Give a monkey enough darts and they'll beat the market. So says a draft article by Research Affiliates highlighting the simulated results of 100 monkeys throwing darts at the stock pages in a newspaper. The average monkey outperformed the index by an average of 1.7 percent per year since 1964. That's a lot of bananas!
What is all this monkey business? It started in 1973 when Princeton University professor Burton Malkiel claimed in his bestselling book, A Random Walk Down Wall Street, that "A blindfolded monkey throwing darts at a newspaper's financial pages could select a portfolio that would do just as well as one carefully selected by experts."
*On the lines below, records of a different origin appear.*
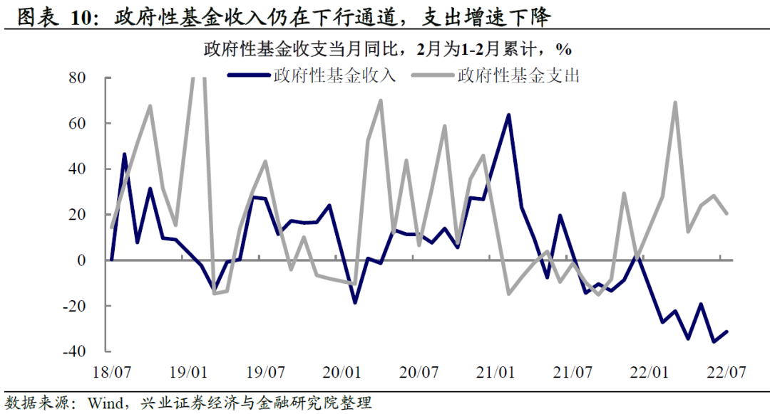 政府性基金:收入仍在下滑通道,支出增速略有下降。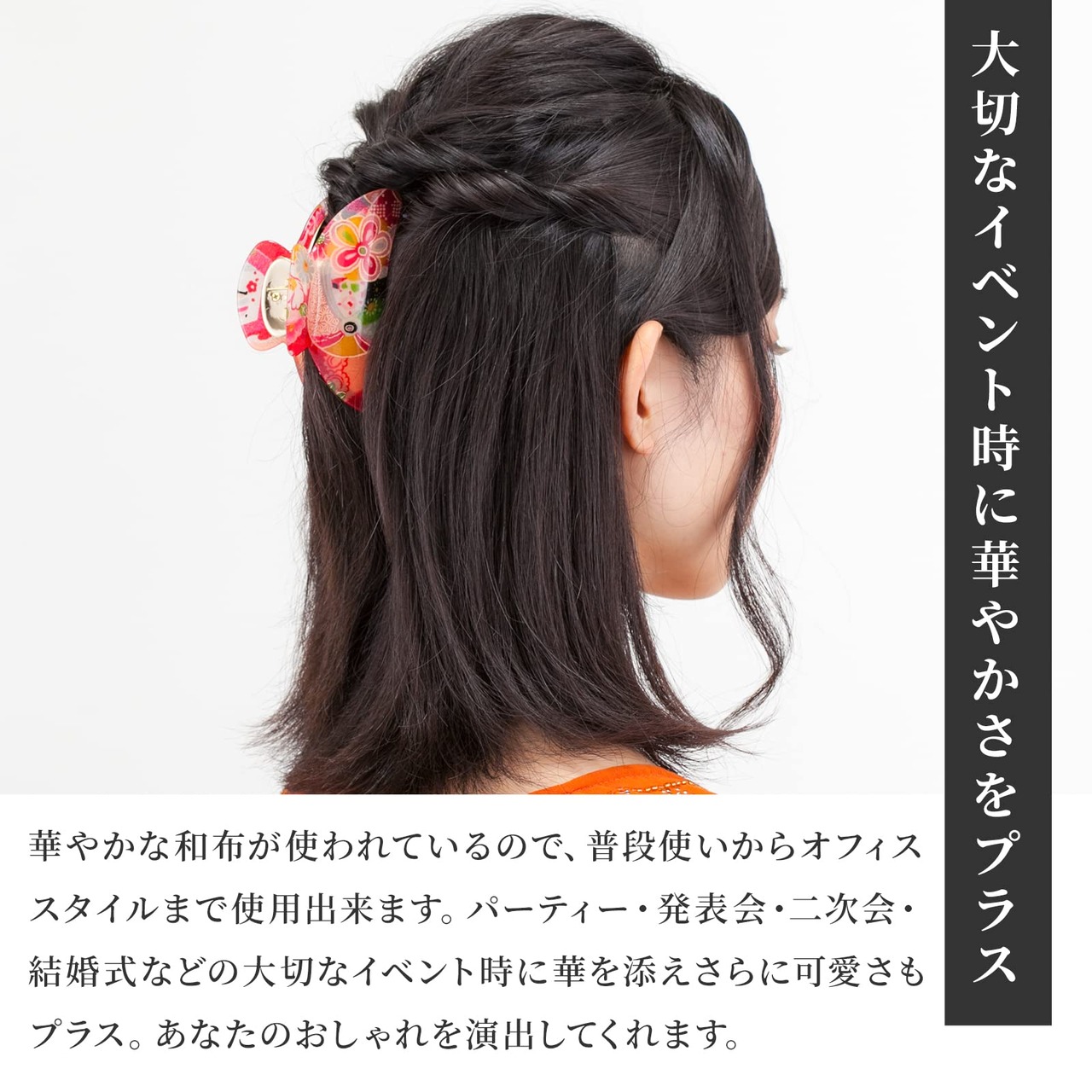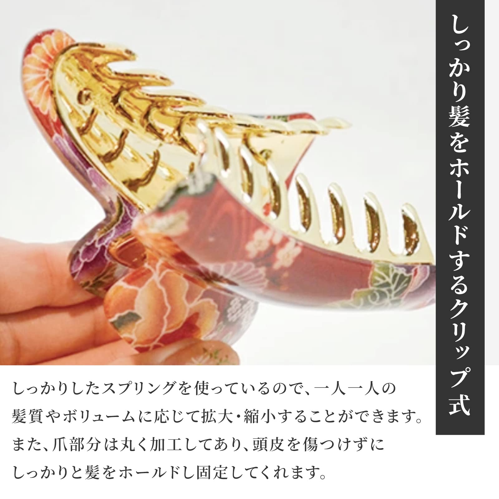 シンプルですが大きめサイズで、華やかで品の良い和柄デザインが目を引きます。 どんな装いにも合わせられるので、髪をさっとまとめたい時の普段使いにはもちろん、パーティーなどのヘアアレンジにもお使いいただけます。 まとめた髪を挟むだけで簡単に髪がまとめられますので、一つ持っておけば、役立ちます。 女性への贈り物としても最適です。 和風モチーフになっており、海外の女性にも人気の商品です。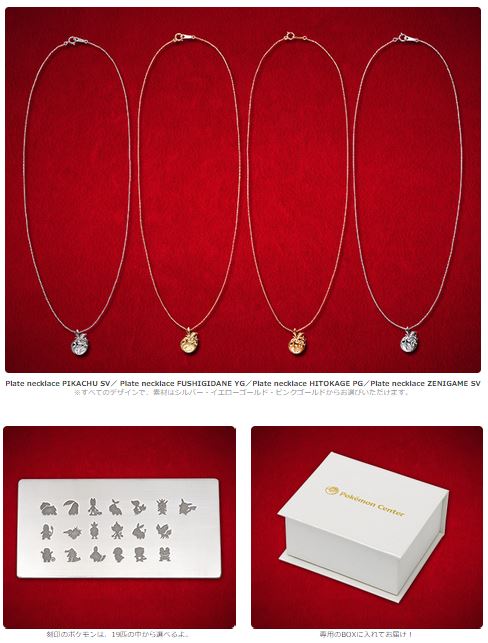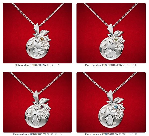 Encore une fois les colliers seront disponibles en différents alliages (argent, or jaune ou or rose) et seront sertis avec une pierre semi précieuse différente selon le Pokemon choisit, chaque Pokemon étant un starter!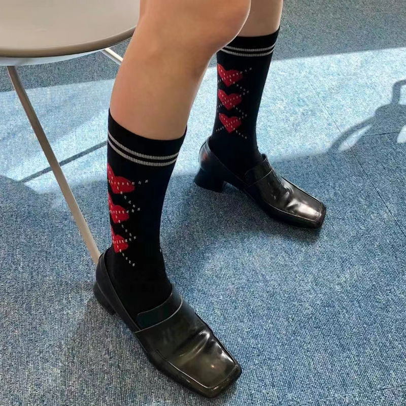 동대문 패션 브랜드 사랑 종아리 양말 한국 인 스타일 2 바 스트라이프 빅 피치 하트 여성용 양말 하이 코튼 양말스토어 가기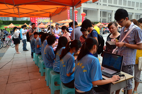 严谨耐心的工作者、热情周到的志愿者,满脸喜悦的家长、满怀期待的新生,人性化的流程图、个性化的指示牌……构成了一片繁忙而又秩序井然的迎新接待站。据了解,接待站前台由学习部与组织部成员轮流上岗,实行“三班倒”,责任到人,全天候值班;其它各部门各司其职、相互协调,确保到校新生都能够方便、快捷地报道。
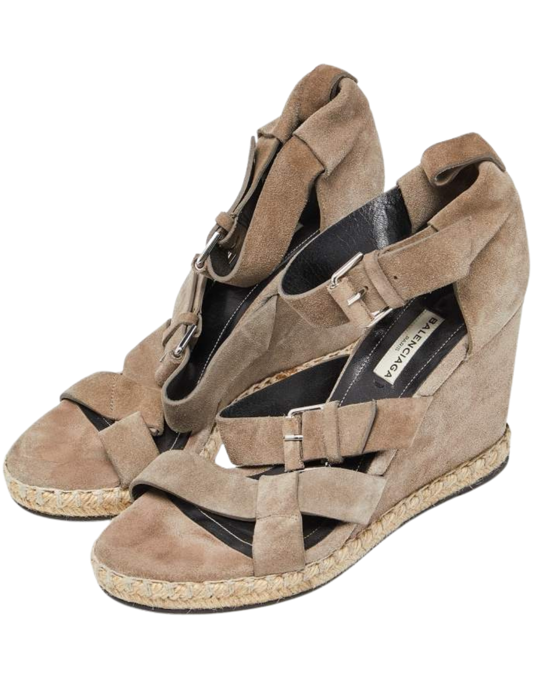 Description: Balenciaga Suede Sandals in light brown showcase a timeless, elegant design crafted from supple suede. Featuring slender cross-foot straps, an adjustable ankle buckle, and a smooth leather insole, these sandals combine comfort and sophistication. The neutral hue makes them versatile for both day and evening wear. Excellent condition with clean soles and minimal signs of use — a refined addition to any designer footwear collection.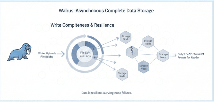 Uma das coisas mais importantes para entendermos é algo chamado Completação de Escrita. Imagine que você está enviando um projeto muito importante para a rede Walrus. Você quer ter 100% de certeza de que, uma vez que você clicar em enviar, o arquivo realmente esteja lá. Se você agir honestamente, o sistema garante que cada bom nó na rede eventualmente receberá uma parte do seu arquivo.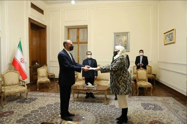 به گزارش منیبان، ساینا مک گینس سفیر آکرودیته جمهوری ایرلند در کشورمان، بعد از ظهر امروز یکشنبه ٢۴ بهمن 89 ١۴٠٠، در آغاز ماموریت خود، در دیدار با حسین امیر عبداللهیان وزیر امور خارجه، رونوشت استوارنامه خود به عنوان سفیر آکرودیته در جمهوری اسلامی ایران را به وزیر امور خارجه کشورمان تقدیم کرد.

Source.This phenomenon, about random dart throwers, can beat financial analyst already tested multiple times:
To test their idea, the writers threw darts at a stock list in the newspaper. From those random hits they built a portfolio to stack up against highflying financial elites.
Those elites meet at the Sohn Investment Conference, held each May in New York. The attendees are full-time active investors, people who spend 365 days and nights a year thinking hard about what investments to own and why.
So how did the dart-throwing journalists do this year? "The results were brutal," recounts Spencer Jakab of the Journal.
The random writer picks beat the pros by 27 percentage points in the year through April 22. "Only 3 of 12 of the Sohn picks even outperformed the S&P 500 SPX, +1.00%," Jakab said.
Source.Why does this thing happen? Well, there is a theory called "Random Walk Theory."
Random walk theory suggests that changes in stock prices have the same distribution and are independent of each other. Therefore, it assumes the past movement or trend of a stock price or market cannot be used to predict its future movement. In short, random walk theory proclaims that stocks take a random and unpredictable path that makes all methods of predicting stock prices futile in the long run.
Source.Okay, the above examples are for stocks, but it should be somewhat applicable to the cryptocurrency market.
What do you think?Bonus, notable argument by a skeptic:
but these data can help us make better predictions.
Predictions backed up by relevant data are way better than predictions without any basis. hmmmm
The person there said how: No One can predict what is going to happen to the stocks , literally no one. (Therefore all these predictions were a sham)
I do understand that there are certain factors that can change the way price changes like:
Etc...
These numerous news can help us predict the bitcoin movement to an extent because its obvious , therefore i do believe that we can do that to an extent for sure . But predicting it point to point takes a lot of time and effort ( even luck) therefore is dissolute for longer term.